— Учение мое просто, — сказал Скрябин, также поднимаясь в лодке, — оно в двух словах: люби и борись… Люби жизнь всем своим существом и ты будешь всегда счастлив… Если ты некрасив и тебя гнетет это, борись и ты победишь эту болезнь. Старайся быть подобным мне и смотри на жизнь вообще, как на твою личную жизнь. Старайся быть всегда простым и искренним. Не бойся свободы. Подчиняйся законам времени и пространства, ибо это твои же законы…
Вдруг женщина с младенцем о чем-то громко заговорила на латинском наречии, протягивая младенца.
— Что она хочет? — растерянно спросил у Отто Скрябин.
— Это итальянка, — сказал Отто, — прачка… Она просит, чтобы ты вылечил ее мальчика.
— Но я не знахарь, — растерянно и сердито сказал Скрябин, — и не чудотворец… Скажи ей, что я не знахарь и не шаман… Мое учение основано на всемирности и самоцели человеческой личности…
Отто начал объяснять итальянке, но та, не слушая, вошла в воду, все протягивая с мольбой плачущего младенца, и что-то говорила.
— Она говорит, — перевел Отто, — мальчик простудился… Она берет мальчика с собой в прачечную, а там сыро и много крыс… Он заболел и ничего не ест.
Итальянка все шла, погружаясь в воду и подняв младенца над головой.
— Я не шаман, — растерянно говорил Скрябин, — ну, переведи же ей, Отто, может, ей денег, чтобы доктора или молока… — Он начал рыться в карманах.

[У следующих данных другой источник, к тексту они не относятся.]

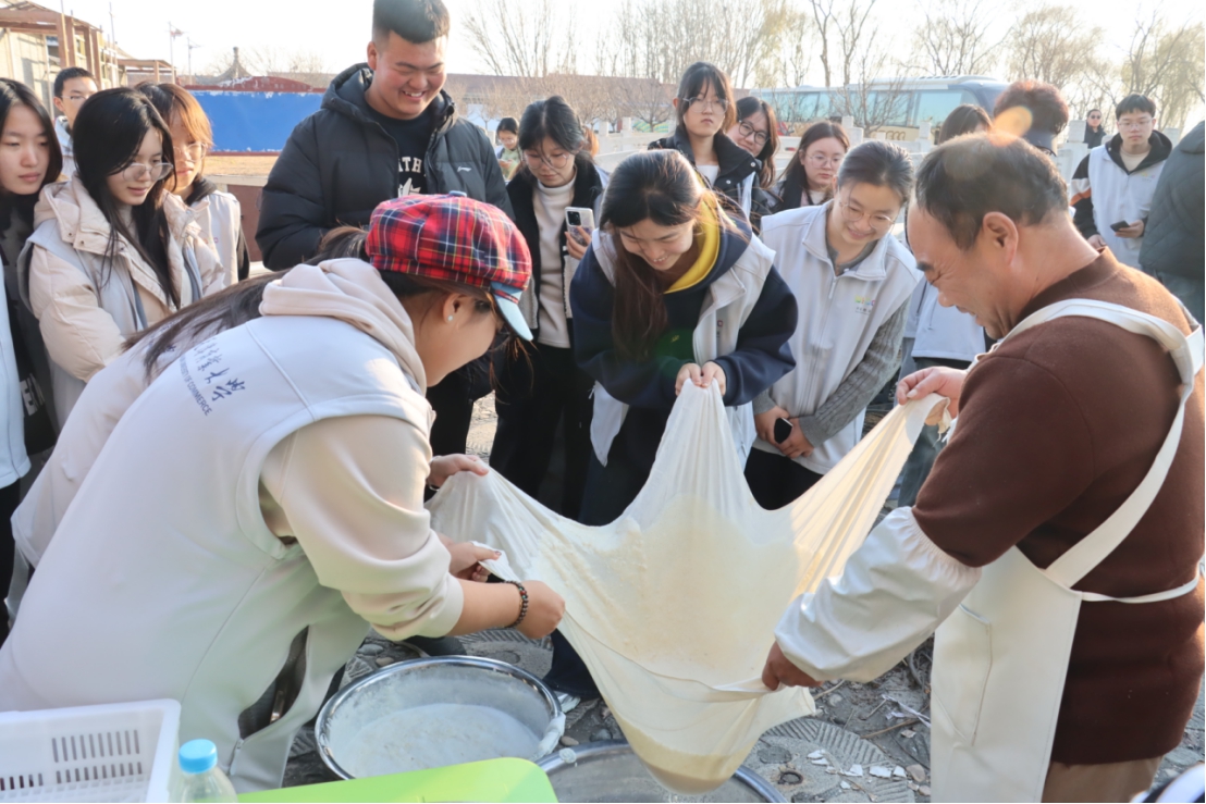 师生调研行第二站抵达天津市蓟州区上仓镇裕泉庄村,北方江南农坊呈现出另一番乡村振兴图景。这里依托“燕子李三故里”文化IP,打造集民俗展示、非遗体验、农耕文化于一体的特色农坊。最让同学们兴奋的是亲身体验石磨豆腐制作。
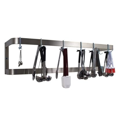 Though the mounting hardware must be purchased separately, the Advance Tabco SW-108 wall-mounted pot rack is designed with welded brackets to facilitate installation. It features two bars and comes with 18 double hooks with which operators can hang selected cookware. Made of stainless steel polished to a satin finish, it can support rigorous use without denting, rusting, or corroding, and overall, this unit measures 108 inches wide by 12 inches deep by 12 inches high.
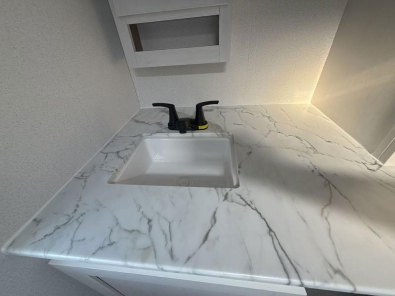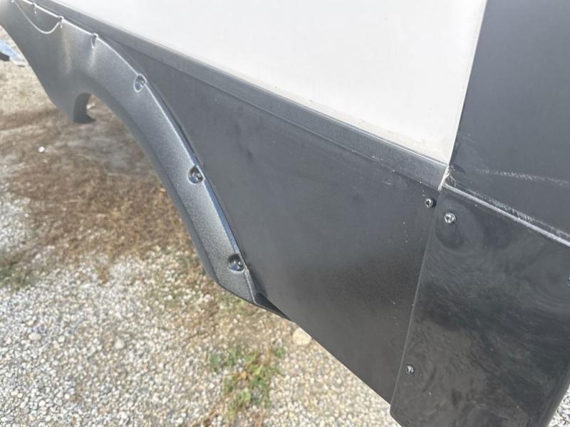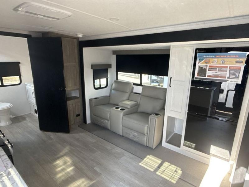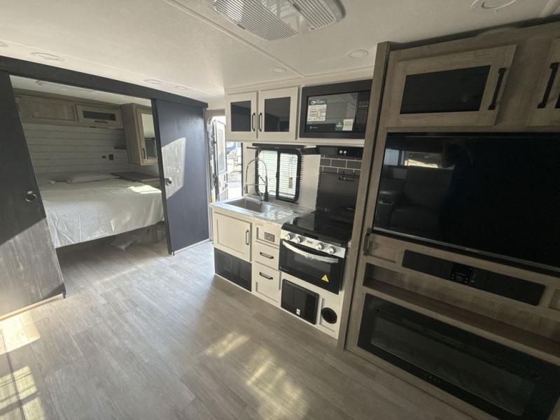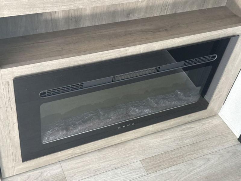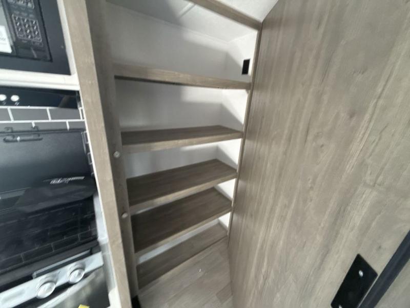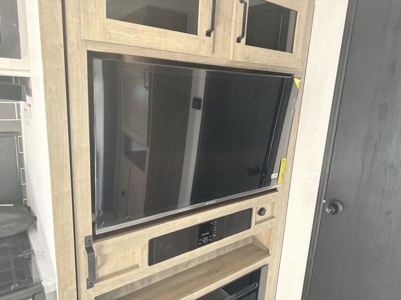 This couple's trailer is perfect for weekend trips to the campground. You can relax inside on the theater seats that are within a large slide out, and there is a hidden pantry behind the entertainment center to keep snacks stocked. The full rear bathroom gives you the space you need as well as a shower with a seat plus washer and dryer prep. And the front bedroom provides a queen bed, dual wardrobes and privacy.
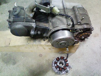 シャリーに載っていたカブエンジンのジェネレーター部分を交換しました。
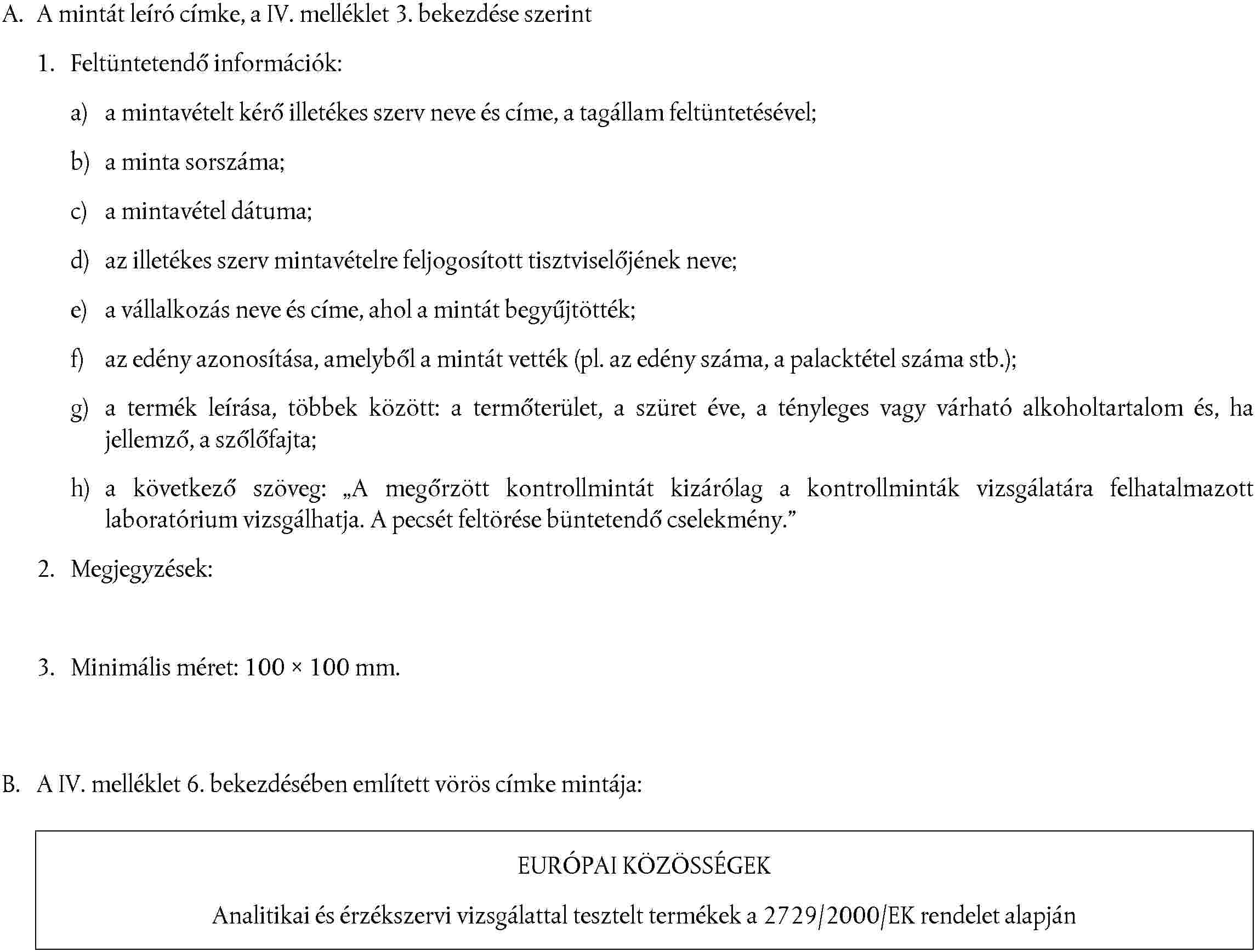 3. Minden mintát el kell látni egy, az V. melléklet A. részének megfelelő címkével.
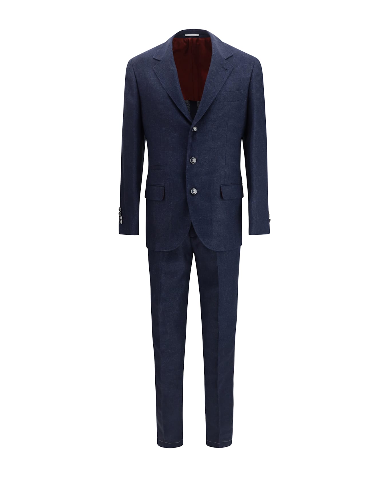 The two-piece single-breasted suit with wide peak lapels by brunello cucinelli embodies bold contemporary tailoring. the jacket features front button fastening, long sleeves with buttoned cuffs, partial lining, a chest welt pocket and front flap pockets enhancing its classic structure. the trousers are designed with belt loops and button fastening, side cargo-style pockets and two back welt pockets, combining functionality with refined elegance.
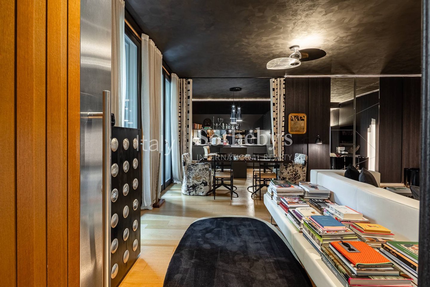 Die Wohnung, hochwertig ausgestattet und vollständig mit maßgefertigten Möbeln eingerichtet, besticht durch die gelungene Verbindung von Ästhetik und Materialqualität. Der Eingang führt direkt in einen hellen und großzügigen Wohnbereich, bestehend aus einem eleganten Wohnzimmer und einer offenen Bulthaup-Küche, ebenfalls maßgefertigt und komplett ausgestattet, die sich optisch und funktional nahtlos zu einer großen, gut nutzbaren Terrasse öffnet.

Люди на берегу мрачно смотрели на жестикулирующего, растерянного проповедника. Скрябин вышел на берег и пошел по тонкой тропинке мимо бедных закопченных лачуг, перепрыгивая через лужи. Он шел с обнаженной головой, шляпа его висела на пуговице сюртука. Вдруг откуда ни возьмись высыпала ватага веселых чумазых ребят. Показывая на Скрябина пальцами и хохоча, они побежали за ним толпой, кривляясь. Полетели огрызки яблок. Отто, прихрамывая, выбежал из-за лачуги и, схватив палку, погрозил ребятам. Те со смехом кинулись врассыпную. Скрябин шел, сгорбившись, наклонив голову.

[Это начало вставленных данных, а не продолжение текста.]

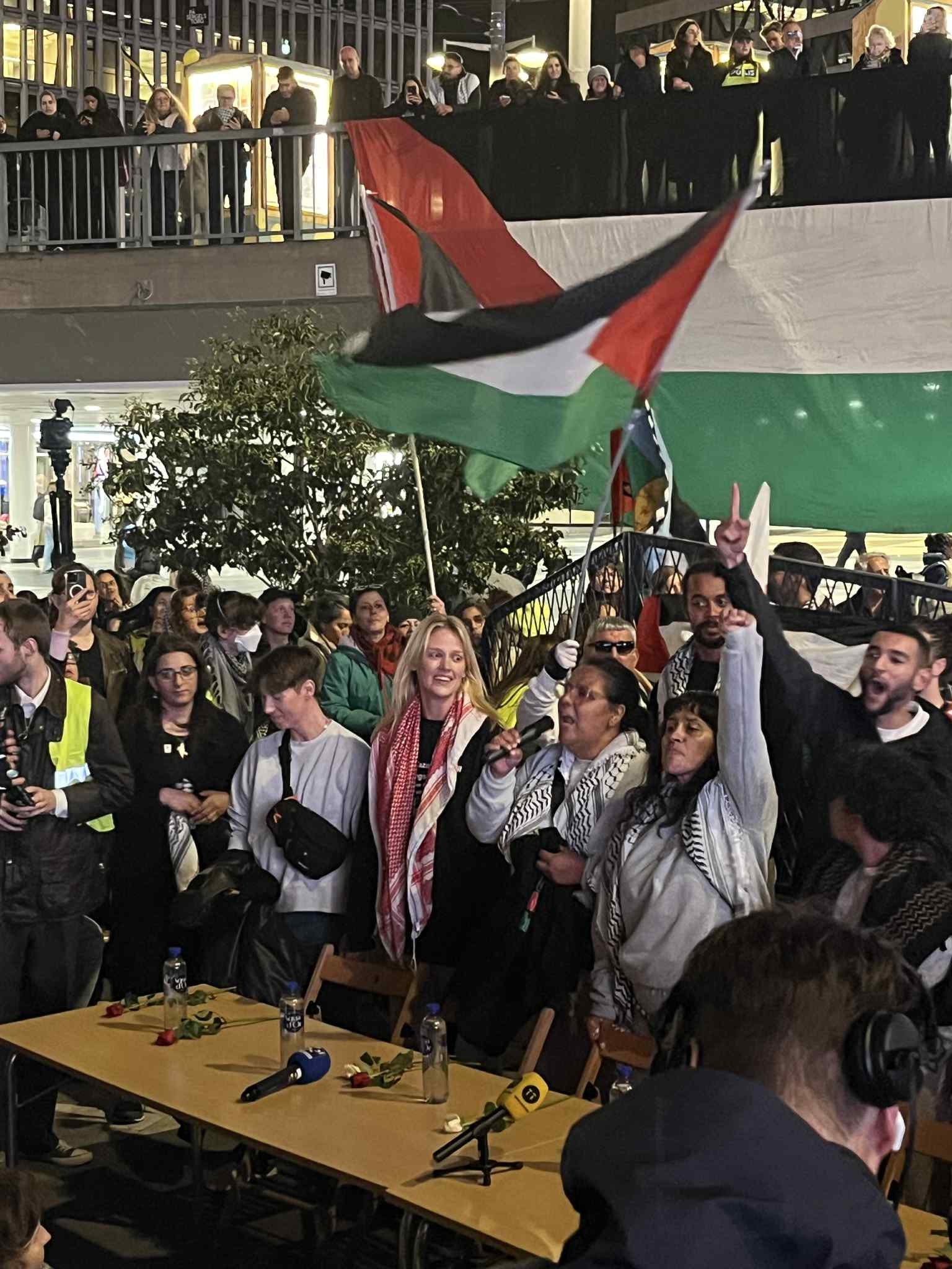 Global Movement to Gaza Sverige hade ordnat en pressträff på Sergels torg där de svenska aktivisterna berättade om resan med Global Sumud Flotilla och svåra upplevelser i israelisk fångenskap.

— Дорогая Маргарита Кирилловна, — говорил Скрябин, идя об руку с Морозовой по одной из женевских улиц. — Вы, конечно, знаете, что на днях я еду в Париж… В Париже жизнь, праздник, искусство, а здесь скука и провинция. Сказать честно, швейцарцы меня разочаровали. Они слишком материальны и потому не восприимчивы к новым идеям… Итак, Париж… Но, разумеется, сколько трудностей и сколько опасений…

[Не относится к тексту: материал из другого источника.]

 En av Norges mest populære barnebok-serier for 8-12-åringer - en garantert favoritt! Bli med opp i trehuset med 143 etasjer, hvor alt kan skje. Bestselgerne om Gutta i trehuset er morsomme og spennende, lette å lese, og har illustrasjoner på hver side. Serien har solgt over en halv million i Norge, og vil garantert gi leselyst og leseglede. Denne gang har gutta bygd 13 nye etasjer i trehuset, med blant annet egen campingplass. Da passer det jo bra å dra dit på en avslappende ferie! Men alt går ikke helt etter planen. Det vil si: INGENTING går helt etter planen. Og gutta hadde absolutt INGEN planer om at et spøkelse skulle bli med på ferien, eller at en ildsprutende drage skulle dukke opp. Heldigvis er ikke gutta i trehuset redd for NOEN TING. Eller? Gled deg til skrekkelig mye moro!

— Вы имеете в виду огласку ваших близких отношений с Марьей Васильевной? — сказала Морозова.
— И это тоже, — сказал Скрябин, — увлечение это мое было недолгим… Вера знает о нем, но мне бы не хотелось, чтобы о нем узнала Татьяна Федоровна… Она так ранима.
— А разве Вера Ивановна менее ранима? — спросила Морозова.
— Ах, Вера другое дело, — сказал Скрябин, — это мужественная, зрелая, сильная женщина… Она мой друг… А Татьяна Федоровна совсем другое… У меня с ней другие отношения… Вы ведь женщина, вы должны понять… К тому же я имел неосторожность рассказать о столь важном событии моей жизни Сафонову… Вам известно, что мы в разрыве?
— Да, он мне с сожалением о том говорил, — сказала Морозова.
— Он мне враг, — сказал Скрябин, — но вы, дорогая моя, сделайте все, чтобы не было грязных сплетен… вы сделаете это, да? Если бы это касалось меня, я бы не боялся… Но ради Татьяны Федоровны…
— Я сделаю все, что от меня зависит, — сказала Морозова.
— Вера вершит чудеса твердости и благоразумия, — сказал Скрябин. — Она сделает все, как я захочу.
Весь номер отеля был в цветах, цветы лежали на стульях, на столе, на рояле, а пол был уставлен цветочными корзинами. Скрябин во фраке, до предела воспаленный и светящийся от счастья, ходил по номеру и, всплескивая руками, говорил:
— Как дивно… Ах, как дивно… Париж покорен… Париж у ног… Ужин, блеск, поздравления русского посла… Меня любят, мной гордятся… Еще в среду я был в Vesenaz, а в воскресенье Париж, мы уже вместе… Со свиданием тебя, Танюка… Со скорым, безумным, радостным свиданием…
Татьяна Федоровна в белом платье, с белым цветком в темных волосах сидела в кресле совершенно усталая от своего счастья.
— Я знаю, — сказала она, — сейчас лучшие наши минуты, они никогда не повторятся, и оттого мне немного грустно.
Скрябин сел и взял ее руку в свои.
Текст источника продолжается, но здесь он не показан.